🤖 AI Summary
This work addresses the limitations of current vision-language models in complex document visual question answering (DocVQA), where multi-step reasoning and specialized handling of heterogeneous document elements remain challenging. To overcome these issues, the authors propose a multi-agent collaborative framework tailored for DocVQA. The approach decomposes questions via a reasoning agent, dynamically routes subtasks to modality-specific agents through an adaptive scheduling mechanism, and enhances answer reliability through a proposition–counterproposition debate followed by arbitration. Additionally, a format consistency checker ensures standardized output. Evaluated on three DocVQA benchmarks, the method significantly outperforms state-of-the-art models, demonstrating the effectiveness and scalability of the collaborative agent architecture in fine-grained document understanding and multi-step reasoning.
📝 Abstract
Document Visual Question Answering (DocVQA) remains challenging for existing Vision-Language Models (VLMs), especially under complex reasoning and multi-step workflows. Current approaches struggle to decompose intricate questions into manageable sub-tasks and often fail to leverage specialized processing paths for different document elements.
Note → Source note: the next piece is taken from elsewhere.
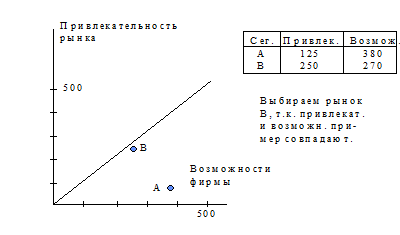 Делается по совокупности характеристик, которые отра-жают привлекательность рынка и возможности фирмы (конку-рентные позиции).
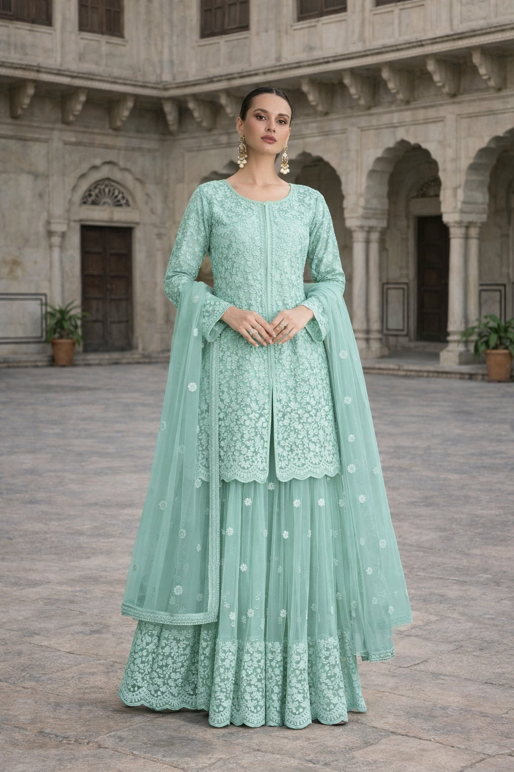 Aqua Mint Embroidered Net Sharara Set With Jacket-Style Kurti & Dupatta

We present ORCA: Orchestrated Reasoning with Collaborative Agents for Document Visual Question Answering, a novel multi-agent framework that addresses these limitations through strategic agent coordination and iterative refinement. ORCA begins with a reasoning agent that decomposes queries into logical steps, followed by a routing mechanism that activates task-specific agents from a specialized agent dock. Our framework leverages a set of specialized AI agents, each dedicated to a distinct modality, enabling fine-grained understanding and collaborative reasoning across diverse document components. To ensure answer reliability, ORCA employs a debate mechanism with stress-testing, and when necessary, a thesis-antithesis adjudication process. This is followed by a sanity checker to ensure format consistency. Extensive experiments on three benchmarks demonstrate that our approach achieves significant improvements over state-of-the-art methods, establishing a new paradigm for collaborative agent systems in vision-language reasoning.